消人屋敷の殺人:深木章子:一度は「書かなければならない」案件

「消人屋敷の殺人」(067/2020年)

直球勝負の本格ミステリ。嵐で孤立した屋敷が舞台です。やはり、本格ミステリ作家としては、一度は「書かなければならない」案件なのでしょう。もちろん、屋敷の見取り図付です。

孤立した屋敷で電話線が切られる。超王道で深木は挑んできます。敢えてありきたりな要素を満載した上で、いかに今までのミステリとは異なった作品に仕上げるのか。かなり大変な作業かと思います。パクリとか言われる可能性も高いし、ネタは有限だし。でも、ミステリ好きの既視感を利用したトリックとかも繰り出せるので、この案件は尽きないのでしょう。たくさん読んでるからこそミスリードされる、悔しいけど、楽しいです。

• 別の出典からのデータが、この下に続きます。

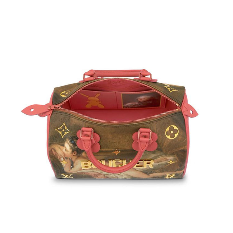 The pure lines of the historical Speedy allows an expression of refinement and femininity through exclusive know-how: gold Monogram serti, flower shapes, reflective metallic letters and colored trimmings. An exclusive leather lining embossed, printed and filled with gold tells you more about this unexpected collaboration.

どんなトリックで攻めてくるのか、真っ向から疑って進む読書です。今までの読書経験から、様々なパターンを思い浮かべながら読むのですが、今回、本作品で気が付いたことがあります。

疑いながら読んでいるのですが、物語の世界に引き込まれると、疑うことを忘れているのです。ミステリのトリックを探すことより、ミステリの世界に入ることの方が面白いし、興奮するからだと思います。そして、疑うことを忘れたころに、一気にドドーンと、作者は読者に「解答」をぶつけてくるから、衝撃も大きくなるんです。

ずーっと疑いながら読んでいれば、きっと少なからず解答に近づいているはず。そこで答えを明かされても、衝撃は小さいはずです。が、優れた本格ミステリは違うのです。

本作、大きく分けて4つのポイントがあります。どれもお馴染みの「仕掛け」ではありますが、実にうまく作用してます。そしてオマケで過去の謎解きも付いてくるので、存分に楽しんでください。